WORK INSTRUCTION:
When you set down the entries, keep every word exactly as it is but drop the pictures.

SUPPLIED RECORDS:
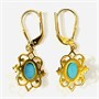Velice elegantní visací náušnice s prořezávanými ověsky v historizujícím tvarosloví, osazeno v plně přiléhajících obrubách oválnými muglemi přírodního tyrkysu odstínu "sleeping beauty" (původem z USA). Netuzemská šperkařská práce z 10. let 21. století od maďarské firmy Emporia. Zhotoveno ze zlaceného stříbra o ryzosti 925/1000; ryzostní číslo na klapkách. Hmotnost 3,02 g, celková délka 33 mm, šířka 13,5 mm. Klapkové zapínání v pořádku. Nenošeno, v intaktním stavu, součástí certifikát.
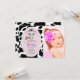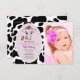 Vaca sagrada, branca, rosa, com primeiro aniversario floral, com fotografia e impressão de vaca.
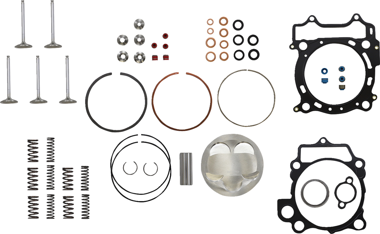 - Kit includes all necessary parts for a complete top-end service/rebuild: pistons, piston rings, piston pins, gaskets, valves, and valve springs
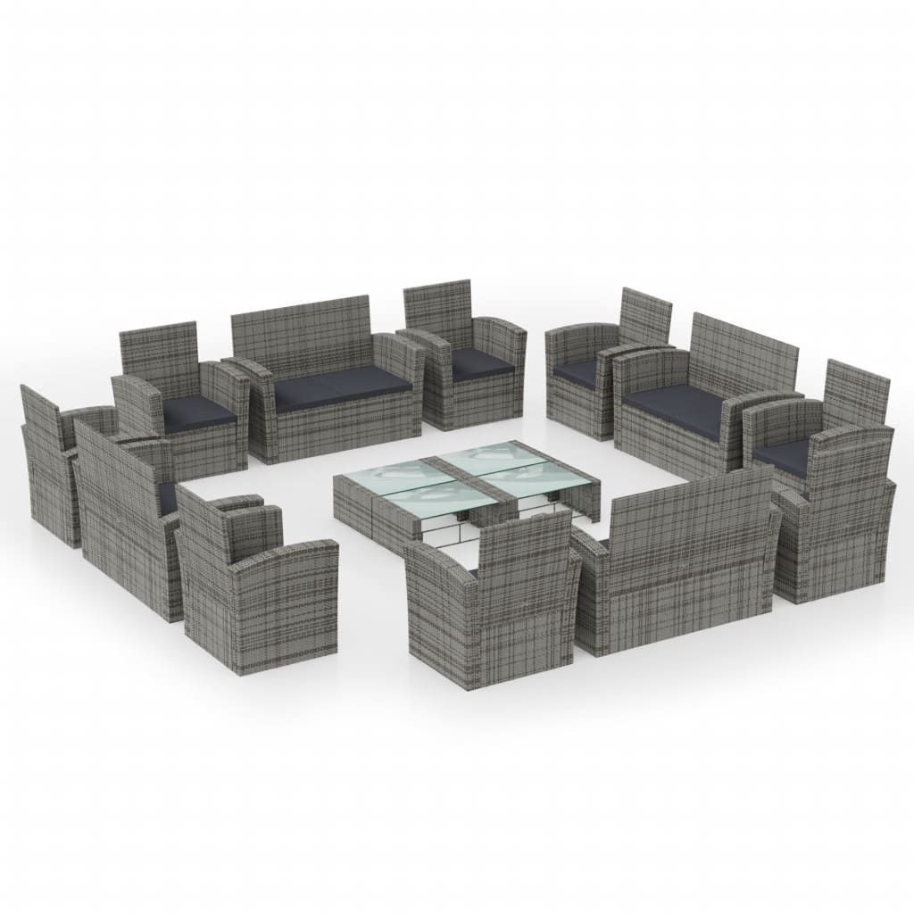 16-cz. zestaw wypoczynkowy do ogrodu, poduszki, szary rattan PE
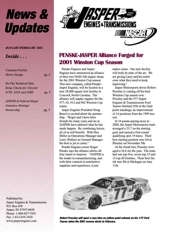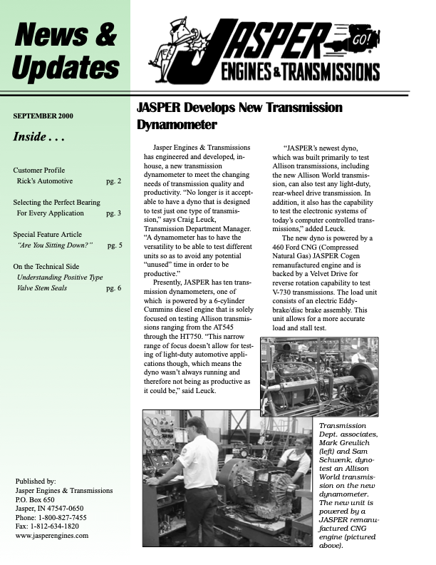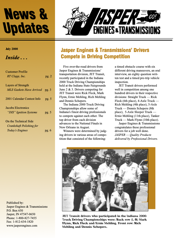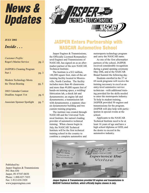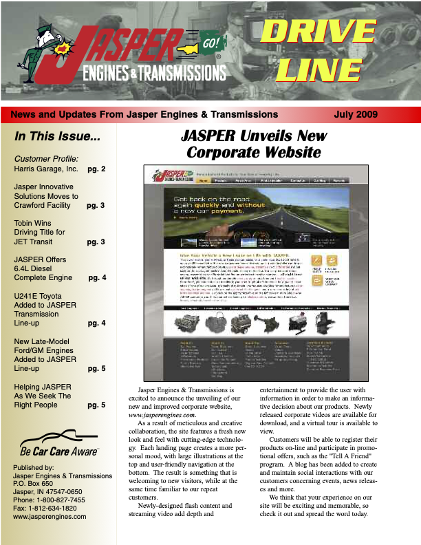 Features: Customer Profile: Harris Garage, Inc., Jasper Innovative Solutions Moves to Crawford Facility, Tobin Wins Driving Title for JET Transit, JASPER® Offers 6.4L Diesel Complete Engine, U241E Toyota Added to JASPER® Transmission Line-up, New Late-Model Ford/GM Engines Added to JASPER® Line-up, Helping JASPER® As We Seek The Right People.

RESPONSE FOR THIS EXERCISE:
Velice elegantní visací náušnice s prořezávanými ověsky v historizujícím tvarosloví, osazeno v plně přiléhajících obrubách oválnými muglemi přírodního tyrkysu odstínu "sleeping beauty" (původem z USA). Netuzemská šperkařská práce z 10. let 21. století od maďarské firmy Emporia. Zhotoveno ze zlaceného stříbra o ryzosti 925/1000; ryzostní číslo na klapkách. Hmotnost 3,02 g, celková délka 33 mm, šířka 13,5 mm. Klapkové zapínání v pořádku. Nenošeno, v intaktním stavu, součástí certifikát.
 Vaca sagrada, branca, rosa, com primeiro aniversario floral, com fotografia e impressão de vaca.
 - Kit includes all necessary parts for a complete top-end service/rebuild: pistons, piston rings, piston pins, gaskets, valves, and valve springs
 16-cz. zestaw wypoczynkowy do ogrodu, poduszki, szary rattan PE
 Features: Customer Profile: Harris Garage, Inc., Jasper Innovative Solutions Moves to Crawford Facility, Tobin Wins Driving Title for JET Transit, JASPER® Offers 6.4L Diesel Complete Engine, U241E Toyota Added to JASPER® Transmission Line-up, New Late-Model Ford/GM Engines Added to JASPER® Line-up, Helping JASPER® As We Seek The Right People.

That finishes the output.